Stray From The Path - 'Only Death Is Real'

The level of online meltdown from the far-right following the July release of Stray From The Path's vehemently antifascist sledgehammer of a single Goodnight Alt-Right was really quite something to behold. For a group that so consistently decry what they perceive to be the "snowflake" and "triggered" left wing, this gigantic collective "triggering" might appear somewhat ironic; manifesting itself in a substantial backlash against SFTP, even prompting completely unqualified assertions from prolific gobshite Paul Joseph Watson that socially conscious metal is a new phenomenon (a statement that is so unfathomably false that it doesn't even require a retort here). For anyone that has utilised their public profile to speak out against injustice, the almost inevitable counterattacks on social media, and the very public haranguing via the kangaroo court of Twitter, have on occasion been so vicious as to force a period of self-imposed exile from social media. That being the case, it is testament to the resilience of SFTP that they have doubled-down on their message and released a 100ft concrete middle finger of a record, aimed squarely in the direction of Trump, Richard Spencer and all purveyors of social injustice in the modern age. However, as with any record containing a powerful message, all of this would be meaningless if the music failed to absolutely slam. Spoiler: it does.

Stray From The Path's ninth studio album, Only Death Is Real, has a genuine claim to be their best. It is an album so lean, so wholly devoid of flab or filler, that it is the musical equivalent of a stick of celery (but, y'know, a metal one). It possesses a characteristic of the truly great albums of this ilk, in that it never outstays its welcome but instead careers through 10 tracks of full throttle attack in half an hour.

For most, the obvious point of comparison for SFTP is Rage Against The Machine. Certainly, as well as the lyrical message there is a genuine Morello-esque quality to a number of the guitar tracks on display here (see: the chorus of Plead The Fifth and the second half of the title track), and the verse of Let's Make A Deal is straight out of the Rage groove compendium. However SFTP possess an acerbic hardcore aesthetic, carved into every single one of these tracks, that marks them out as a distinct entity.
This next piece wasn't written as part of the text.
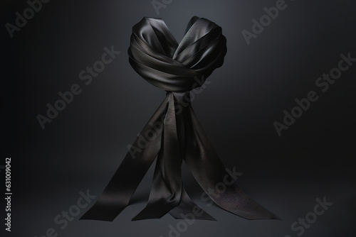 Black ribbon and space for text on dark background top view heart generative ai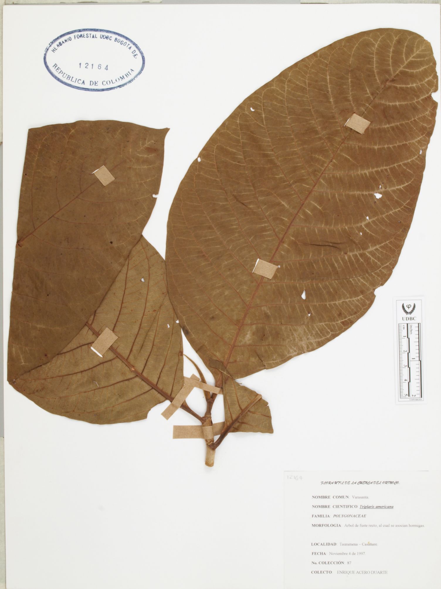 Fotografía del ejemplar Acero, E. 87, determinado como Triplaris americana

This is exhibited in a multitude of ways; from Drew's vocal lines that are delivered at never anything less than "maximum fury", to the absolute relentlessness of the musical canvas on display, all performed with a sprinkle of that oft-aped nu-metal bounce.
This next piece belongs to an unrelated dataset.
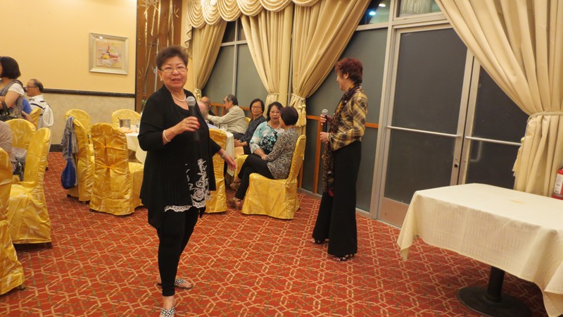 233 吳永剛和畢翼陞師兄在談當年,畢婉玲和林露瑩在巴黎見过面,時隔多年在LA重遇,当然有說不盡的話,畢太太臉带笑容在欣賞張麗桃的歌声!

In the period since the release of 2015's brilliant Subliminal Criminals SFTP have recruited Craig Reynolds, drum tech for Architects' Dan Searle and former sticksman for criminally underrated British deathcore crew Viatrophy. In terms of decision-making this has been a masterstroke. Craig has not only brought an extra layer of technicality (see the ghost note peppered intros of Goodnight Alt-Right and the album's title track, as well as the mesmerising intro to They Always Take The Guru) but has somehow managed to incorporate even more punch to the band's sound, meaning those beatdowns succeed in hitting harder than ever before. Whilst the other members of SFTP could not be described as virtuosic, their performances on Only Death Is Real serve each song well and, as has been mentioned, there are some particularly succulent guitar moments. Lyrically, Drew is not one to coat his political message in metaphor in the manner that we have come to expect from someone such as Randy Blythe. In many ways, this is to the band's credit; messages concerning antifascism, anti-crony capitalism and opposition to Islamophobia are tremendously important and timely. Having said that, a lack of lyrical nuance and what is undeniably a singular approach to songwriting does tend to have the effect of creating something of a one dimensional record.
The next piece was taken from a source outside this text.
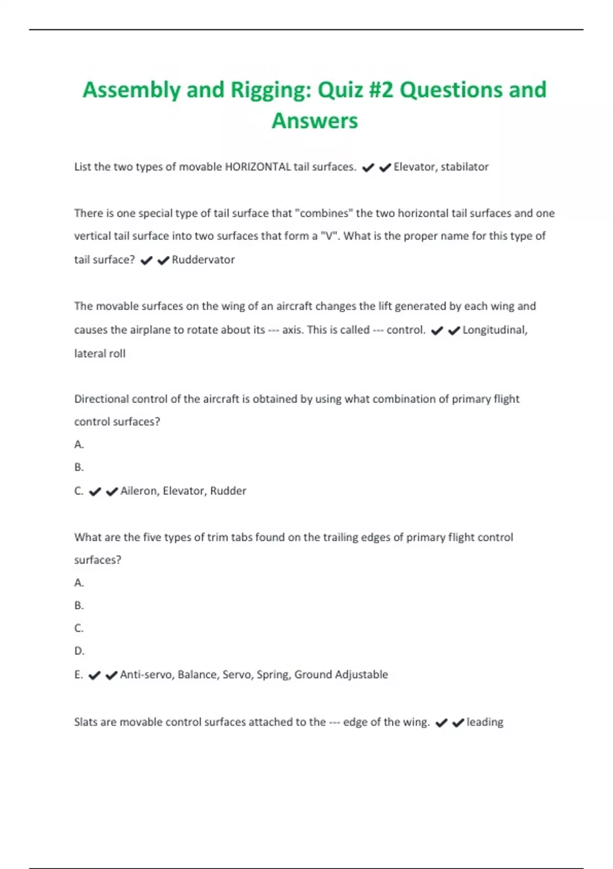 Assembly and Rigging: Quiz #2 Questions and Answers

The naysayers are adamant that no one in rock or metal possesses a message these days. Once again, these people need to climb into the nearest refuse collection point. Recent records by Architects, Venom Prison, While She Sleeps & Fit For An Autopsy (and more) have all proudly championed a message of a better world. Whilst it often comes within a fingernail's reach, Only Death Is Real doesn't quite hit those heights: it is an album short on facets, but with a gigantic heart.